Description

Tipping points exist in social, ecological and climate systems and those systems are increasingly causally intertwined in the Anthropocene. Climate change and biosphere degradation have advanced to the point where we are already triggering damaging environmental tipping points, and to avoid worse ones ahead will require finding and triggering positive tipping points towards sustainability in coupled social, ecological and technological systems.

To help with that Tim outlines how tipping points can occur in continuous dynamical systems and in networks, the causal interactions that can occur between tipping events across different types and scales of system – including the conditions required to trigger tipping cascades, the potential for early warning signals of tipping points, and how they could inform deliberate tipping of positive change.
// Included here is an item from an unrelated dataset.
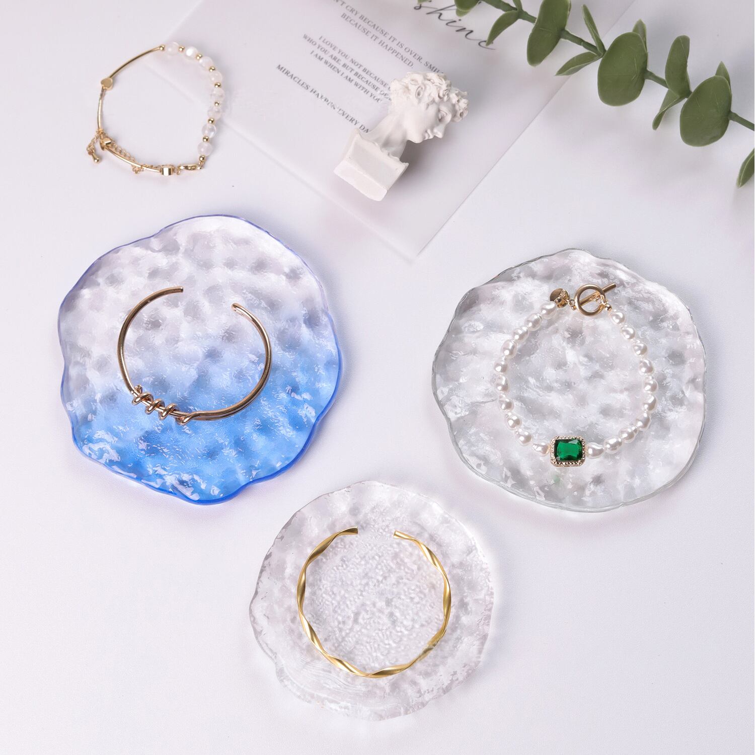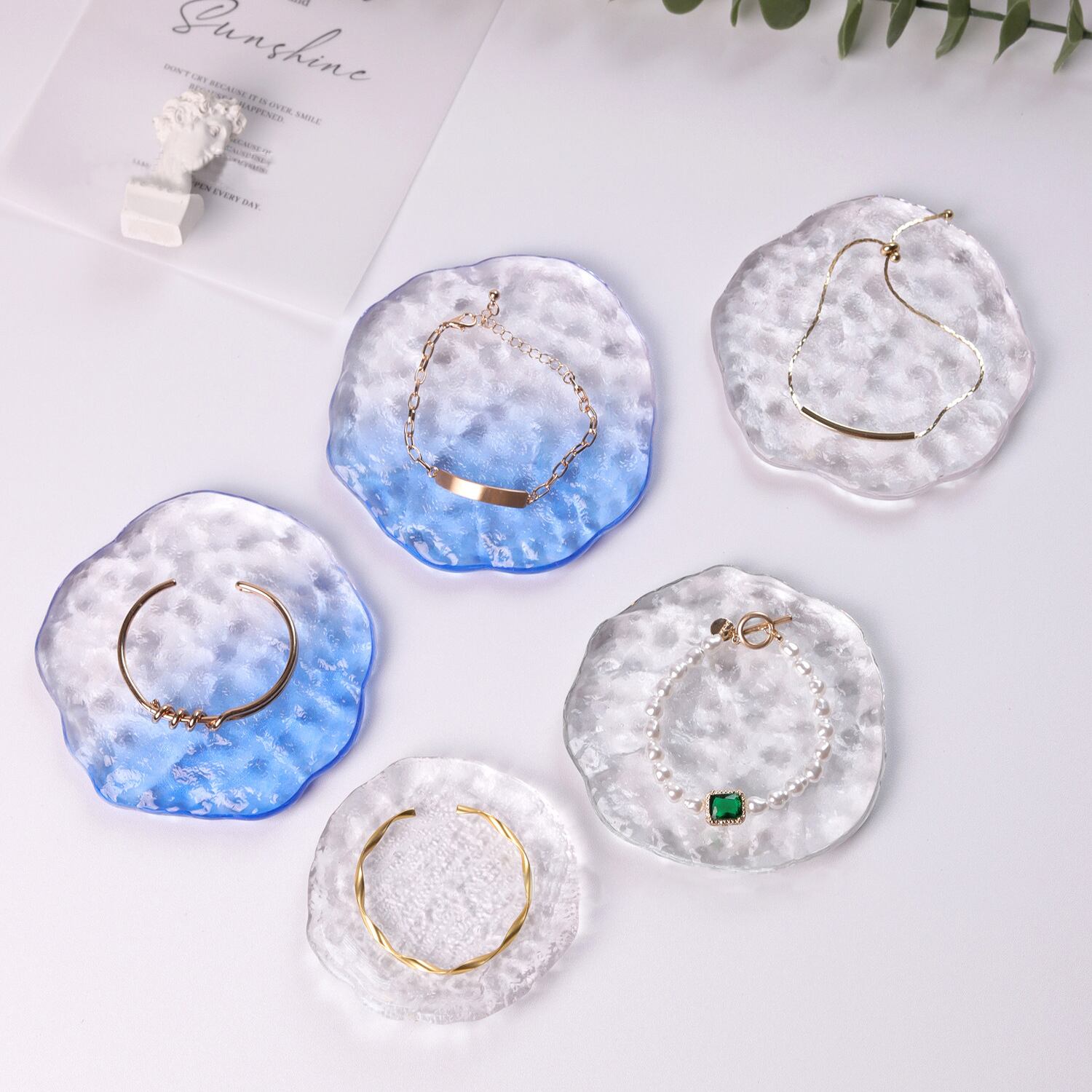 ○ガラス製の透明なアクセサリープレートです。水晶を模したデザインでお洒落にアクセサリーをディスプレイできます。 ーSizeー 大:直径約10.5cm 小:直径約9cm ーColorー ・透明クリア 大 ・透明ブルー 大 ・透明レッド 大 ・透明クリア 小 ーSpecificationー 材質:ガラス 《発着期間》 10日から14日を予定しておりますが、当商品は海外からお取り寄せさせていただいておりますので、状況によってはお時間をいただく可能性がございます。 [ご注文前に必ずお読みください] https://korano.official.ec/about 透明なガラス製アクセサリープレートで、お気に入りのアクセサリーを美しくディスプレイしませんか?水晶を模したデザインは、上品で上質な雰囲気を演出します。

In particular, the same methods that can provide early warning of damaging environmental tipping points can be used to detect when a socio-technical or socio-ecological system is most sensitive to being deliberately tipped in a desirable direction. Tim provides some example targets for such deliberate tipping of positive change.

About the speaker

Tim Lenton is Director of the Global Systems Institute and Chair in Climate Change and Earth System Science at the University of Exeter. His research focuses on understanding the behaviour of the Earth as a whole system, especially through the development and use of Earth system models. He is particularly interested in how life has reshaped the planet in the past, and what lessons we can draw from this as we proceed to reshape the planet now – as described in his books Revolutions that made the Earth (with Andrew Watson) and Earth System Science: A Very Short Introduction. Tim’s work identifying climate tipping points won the Times Higher Education Award for Research Project of the Year 2008. He has also received a Philip Leverhulme Prize 2004, European Geosciences Union Outstanding Young Scientist Award 2006, Geological Society of London William Smith Fund 2008, and Royal Society Wolfson Research Merit Award 2013.